“是啊。”良宵神君恍然醒悟道:“我怎麽忘記了此事,冥界掌管八荒生靈轉世輪回,即便是神仙投胎也須得奈何橋上走一走,他們必然有辦法收集魂魄。”
“冥界有一物,名喚重明珠,平日有黑白無常掌管,你去同他借來一用,我們隻需尋到靈狐帝女的一片碎魂,便可渡散落在其他角落中的碎魂歸位,勉強可以喚起她的意識。”長澤平淡卷起書簡,“還有一物,你去同如今執掌忘川的大人要一株彼岸花。”
“彼岸花,你是怕喚不起她的回憶?”
我聽到彼岸花三個字站直了身子,“彼岸花,我這裏便有,還是花王呢。”我抬起掌心凝出那朵花,他擰了擰眉心,淺淺道:“你怎會有?”
“孟司命給的,她說這花王可以治我的傷,讓我一整朵吃下,可惜我這幾日忘掉了。”花浮在掌心,他清澈的眸裏黯下光,動了動唇,卻沒說什麽話。
良宵神君見狀打趣道:“這花是司命給你治病的,你就且留著吧,本神君記得之前小玄偷偷摘掉他娘親園子裏一朵,你將那朵借我們用用便好。”

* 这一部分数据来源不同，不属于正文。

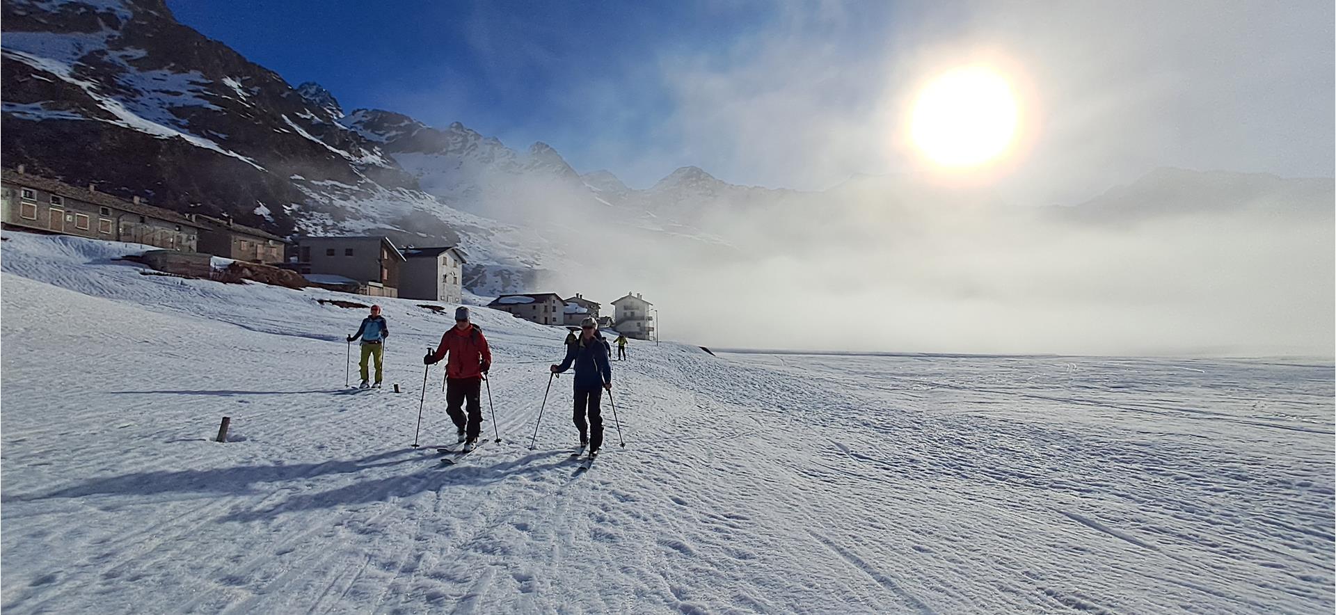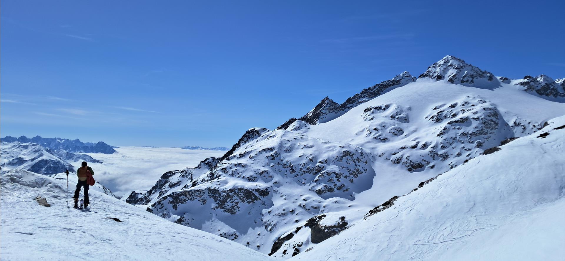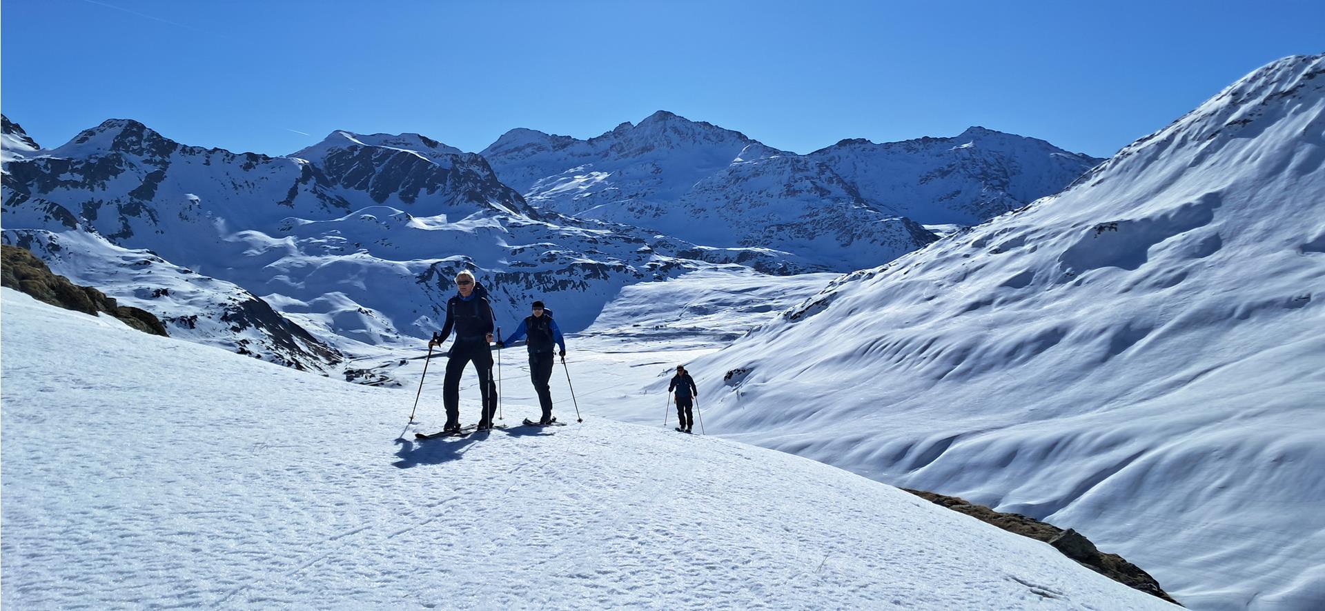 Einzigartig ist es auch deshalb, da fast alle Skitouren direkt vom Hotel aus begangen werden können. Genuss auf Spluga bedeutet: einzigartige Skitouren, verbunden mit hervorragendem Essen und erlesenen Weinen in gemütlichem Ambiente. Fast das gesamte Tourengebiet befindet sich oberhalb der Waldgrenze. Die herrlich weiten und freien Hänge sind dementsprechend im Frühjahr bei Firnverhältnissen am reizvollsten.

“也好啊。”我覆手時收了花,看著外麵的雨下得還很大,拎了拎寬大的袖子,同長澤良宵道:“你們在這裏喝茶,我出去走走,許久都沒有下雨了,今日的天好是涼快,聽說雲州神宮的好東西比較多,我去碰碰運氣。”
正要一腳踏出去,卻被某人抓住了手腕,我一轉身,頭上遮來一把煙雨油紙傘,傘下公子翩翩,彼時雙眸清明,麵若春風拂過,溫潤如玉的走近我,道:“我陪你。”
我看著他,有瞬息的癡迷,低下頭,弱弱道:“外麵的雨很大……”
“所以才更要陪你。”
我想了想,扯開唇角道:“好。”
一柄油紙傘,遮住了半世迷離,他將我攬入了懷中,拾階而下,雨打在傘麵上,雜亂無章的聲音聽著愈發心中惶然。